The stylistic shift that occurred between Mitchell’s paintings of the late 50s and those of the early 60s, exemplified by the present work, can be considered as a graceful yet deliberate evolution. A centralized mass of unrestrained color replaced the all-over composition of her earlier work, resulting in a concentrated zone of sheer painterly force. Atlantic Side in its eminent and luminous grandeur evidences the fascinating disconnect between Mitchell's emotional state and her chosen mode for representation. The surface of the present work unites meaning and emotional intensity and seeks no allusions to the tribal or the mythic. Mitchell unapologetically reverted to the facture of her brushstroke to convey the power of memories and experiences, themes she professed as the basis of her painting. Only a profound understanding and devotion to the gesture—whether as calligraphic, spilled, dotted, thinned, blurred, smudged or scraped—can emanate such powerful intensity. The painting is a lyrical transcendence in which Mitchell titillates between abstraction into landscape, existing through the physical act of painting.

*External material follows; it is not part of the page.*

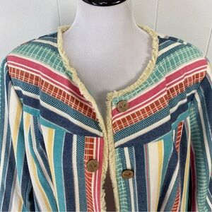 Multiples Size 1X Blazer Jacket Crochet Fringe Striped Open Front Boho Colorful

Klaus Kertess notes an affinity between Mitchell and another expatriate American artist working in Europe: “In these same years, [Cy] Twombly’s expressiveness, like Mitchell’s, blossomed into fullness. The jubilant lyricism of his paintings with its frequent scatological references and discursive writerly markmaking pulsed with subjective metaphoricality. …Both Mitchell and Twombly played a major role in keeping drawing vividly alive on painting’s surface.” (Klaus Kertess in Exh. Cat., New York, Cheim & Read, Joan Mitchell: Frémicourt Paintings 1960-1962, 2005, n.p.) The complex graphic nature of Mitchell’s technique, like that of Cy Twombly, possesses indisputable communicative powers. Wholly abstract, and entirely unencumbered by figuration, Atlantic Side nonetheless conveys a clear and forceful message. As we travel through the multitudinous textured strokes of paint that populate this expansive canvas we perceive a dual narrative: we are witness both to Mitchell’s artistic fervor and to her personal turmoil. As with the finest examples of Joan Mitchell’s art, biography, method and medium all coalesce in Atlantic Side, resulting in an endlessly fascinating and engrossing viewing experience.